Rynek międzynarodowy: Białoruś -Przetwórstwo mleka i rynek produktów mlecznych Białorusi

Robert Stawski
Forum Mleczarskie Biznes 1/2015 (20)

Import

Według Ministerstwa Rolnictwa RB, import produktów mlecznych w okresie od stycznia do września 2014 r. kształtował się w wymiarze ilościowym na poziomie 121,2 tys. ton, co stanowi 2,3 razy więcej niż w pierwszych dziewięciu miesiącach 2013 roku.
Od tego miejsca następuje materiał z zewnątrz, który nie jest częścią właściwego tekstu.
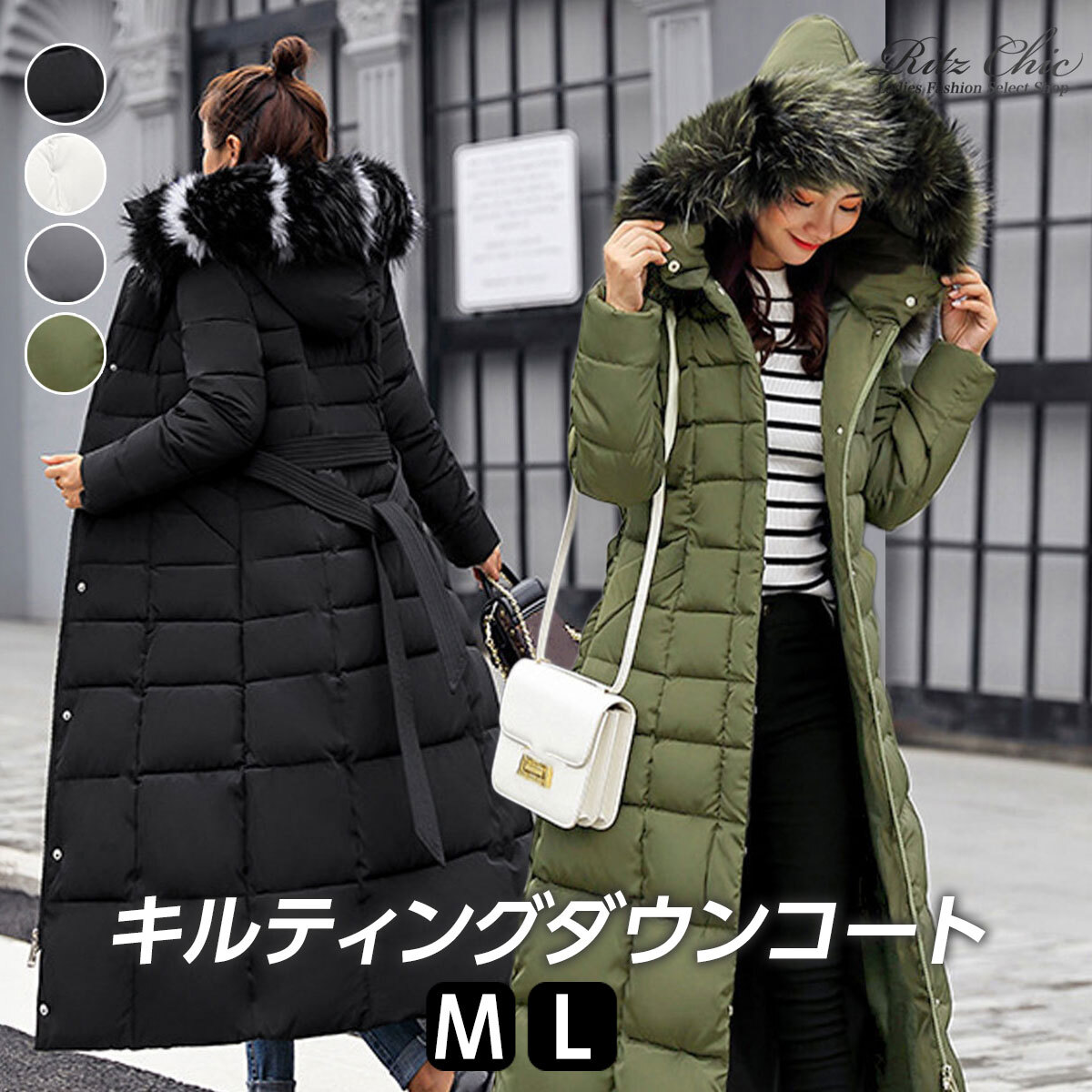 キルティング ダウン コート レディース 冬 防寒 防風 保温 韓国 ロングコート きれいめ おしゃれ 大人 カジュアル 通勤 通学 ファーフード エコダウン 大人可愛い 大人女子

W ujęciu wartościowym import wzrósł o 87,4% do 95,7 mln USD. Wzrost importu odnotowano we wszystkich typach produktów mlecznych.
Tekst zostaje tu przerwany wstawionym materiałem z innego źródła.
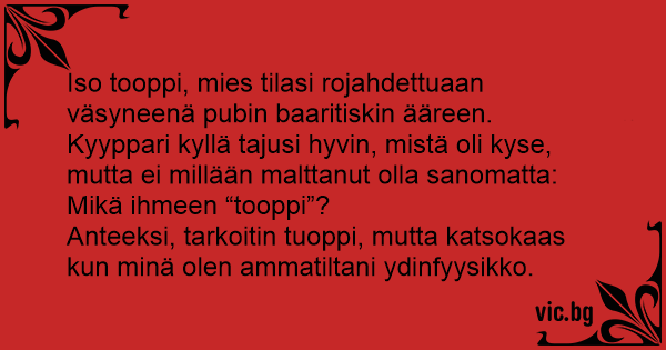 Iso tooppi, mies tilasi...

Głównym dostawcą mleka i produktów mlecznych na terytorium Białorusi jest Polska: 58% całości dostaw mleka i śmietany niezagęszczonej oraz 87% dostaw mleka skondensowanego i w proszku (w ujęciu ilościowym). Prawie wszystkie fermentowane produkty mleczne importowano z Niemiec, a masło z Holandii. 70% serwatki dostarczano z Ukrainy, a głównymi dostawcami serów i twarogów była Polska i Litwa (30% importu ogółem).

Największy wzrost dostaw na Białoruś mleka i śmietany nieskondensowanych odnotowano z krajów UE – 295 razy więcej w wymiarze ilościowym i 64 razy więcej pod względem wartości. Największy wzrost nastąpił w imporcie z Polski, która dostarczyła do Białorusi 8,1 tys. ton mleka (186-krotnie więcej) o wartości 7,5 mln USD (50-krotny wzrost). Sytuacja ta ma związek z uruchomionym w 2014 roku interwencyjnym skupem mleka surowego z krajów Unii Europejskiej, w związku ze wzrostem popytu w Rosji na białoruskie produkty mleczne po tzw. kryzysie ukraińskim i wprowadzeniem w sierpniu 20014 roku embarga na dostawy do Federacji Rosyjskiej żywności pochodzącej z Polski, Litwy i Łotwy. Zezwolenie na import mleka surowego otrzymało 13 firm, w tym: JSC Suwaszkin Produkt, JSC Babuszkina Krynka, JSC Mleczarnia Wierchniedźwińska, JSC Brzozowy Kombinat Serowy, JSC Bellakt, JSC Głębocki Kombinat Mleczny.

Istnieje jednak duże prawdopodobieństwo, że import ten nie ograniczył się wyłącznie do zakupu surowców, przetwarzanych w białoruskich zakładach. Najprawdopodobniej jest to mimo wszystko tradycyjna dla Białorusi „produkcja etykietowana”, czyli nabywanie gotowych produktów i sprzedaż z oznaczeniem „Wykonano na Białorusi” (Made in Belarus). Przykładem jest importowane z Włoch pełne mleko do przetwórstwa i produkcji parmezanu – bardzo opłacalnej, ale praktycznie niemożliwej na skalę przemysłową. Wielokrotnie rosyjskie media informowały, że po wprowadzeniu sankcji wobec krajów europejskich, rosyjscy odbiorcy zostali zmuszeni, do znalezienia nowych kanałów dostaw oryginalnych towarów, które nie są produkowane w Rosji. W szczególności dotyczyło to parmezanu, wykorzystywanego przez restauratorów na całym świecie. Jednak producenci serów włoskich znaleźli sposób dystrybucji i moskiewskie restauracje otrzymały ser z oryginalnymi etykietami, ale „Made in Belarus”. Podobne praktyki stosowane były w Związku Radzieckim, kiedy to na Białorusi fałszowano etykiety na produktach lokalnych tak, aby wyglądały jak importowane. Teraz sytuacja zmieniła się o tyle, że dostarczane produkty są autentyczne, ale z napisem: sery wyprodukowane na Białorusi.